Miedo
Kristin, una amiga noruega, siente miedo al agua. Ella no tiene idea de donde viene pero la sola idea de pensar de ir al océano la llena de terror, lo que realmente es muy poco noruego. Nathan, otro amigo, tiene don de músico pero nunca toca ya que se paraliza en un estado de terror. Andreas, un ingeniero suizo quien ha venido a varios de nuestros talleres, tiene un puesto de mucha responsabilidad en el gobierno de su ciudad, pero está aterrado de no estar de acuerdo o confrontar a nadie en la menor forma.
Muchos de nosotros tenemos estos inexplicables e irracionales miedos. Yo tengo un sueño recurrente en que estoy a punto de tener un examen pero no estoy preparado y otro en el cual estoy solo y buscando desesperadamente a Amana pero no soy capaz de encontrarla. Cuando éxploro profundamente mi interior encuentro mucho miedo. Lo puedo atribuir a diferentes motivos pero básicamente es porque es un sentimiento interno que puede ser tomado como pequeñas e insignificantes cosas. Y parece como si la asustada parte del más viejo y quizás más sensitivo hombre en el que me he convertido, sintiera con mayor intensidad. Sospecho que siempre estuvo ahí pero la cubrí tan efectivamente que no podía sentirlo o reconocerlo tan claramente con anterioridad.
El miedo es profundo, irracional y misterioso.

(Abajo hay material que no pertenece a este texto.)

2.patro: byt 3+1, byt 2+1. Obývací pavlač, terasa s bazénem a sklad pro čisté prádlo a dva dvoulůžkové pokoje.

Miedo es otra de las cualidades cardinales de nuestro niño emocional. Es fácil de apreciar porque esta profunda parte de nosotros es muy poderosa una vez que entendemos cuánto miedo cargamos todo el tiempo. En el punto más plano de nuestra conciencia podemos empezar a ver que mucho de nuestro miedo es ilusión y muchos vienen de experiencias pasadas. Debemos saber que estamos envueltos en una existencia benevolente. Sé que el miedo es constantemente producto de condicionamientos y traumas pasados. También sé que la mayor parte del tiempo no hay nada racional manejando mi miedo. He vislumbrado que no hay nada que temer y en lo profundo sé que esto es cierto. Pero, sigo en la base de que el miedo surge frecuentemente por varias razones y en diferentes situaciones y algunas veces sin razones aparentes.

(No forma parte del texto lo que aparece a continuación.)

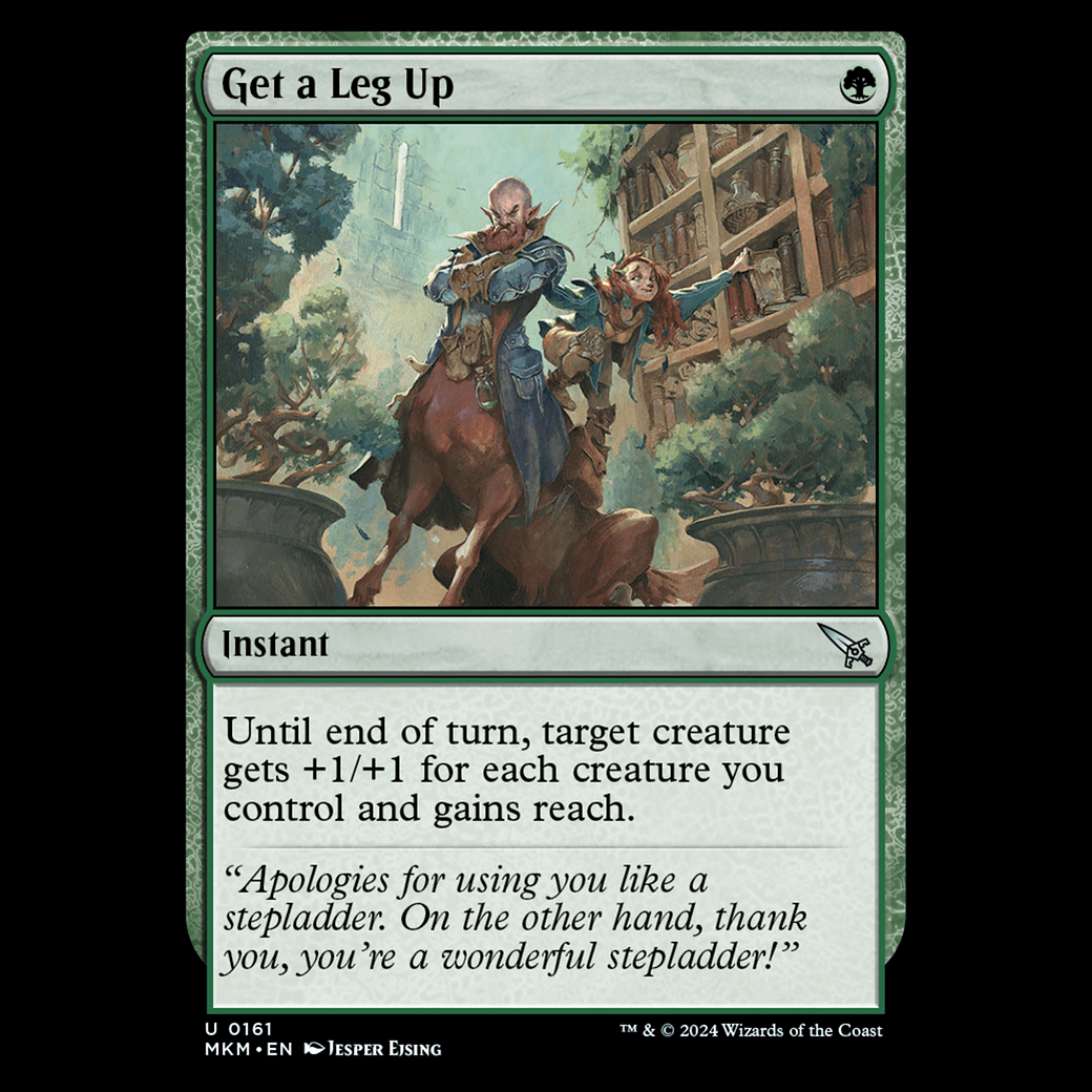 Until end of turn, target creature gets +1/+1 for each creature you control and gains reach.

Una vez que me detuve y pude alejarme de mis miedos me asombré al ver que tan fuerte puede ser algunas veces. Y me impacto el ver que hay un trasfondo de miedo crónico interno la mayor parte del tiempo. El miedo puede ser incrementado por estrés, críticas o pérdidas, pero solo porque ya se encontraba ahí previamente. Sospecho que muchos o probablemente la mayoría de nosotros, tenemos un profundo miedo interno que cubrimos con todo tipo de compensaciones y distracciones. Algunas veces, podemos sentir miedo e inquietud, ansiedad o pánico. Pero muchas veces, no experimentamos el miedo directamente , lo sentimos como algún tipo de perturbación o contracción en el cuerpo, como un corte en la respiración, irritabilidad, mal humor, problemas con la digestión, ardor en el estómago y otros. El miedo es una forma de inmovilizar que puede producir parálisis, disfunción sexual, incapacidad para hablar o tartamudeo, confusión y olvidos y muchos otros síntomas corporales. De acuerdo con mi experiencia trabajando con personas a través de los años, me di cuenta que los miedos no identificados y no sentidos encubiertos en nuestro comportamiento compulsivo, producen enfermedad, depresión e irritabilidad.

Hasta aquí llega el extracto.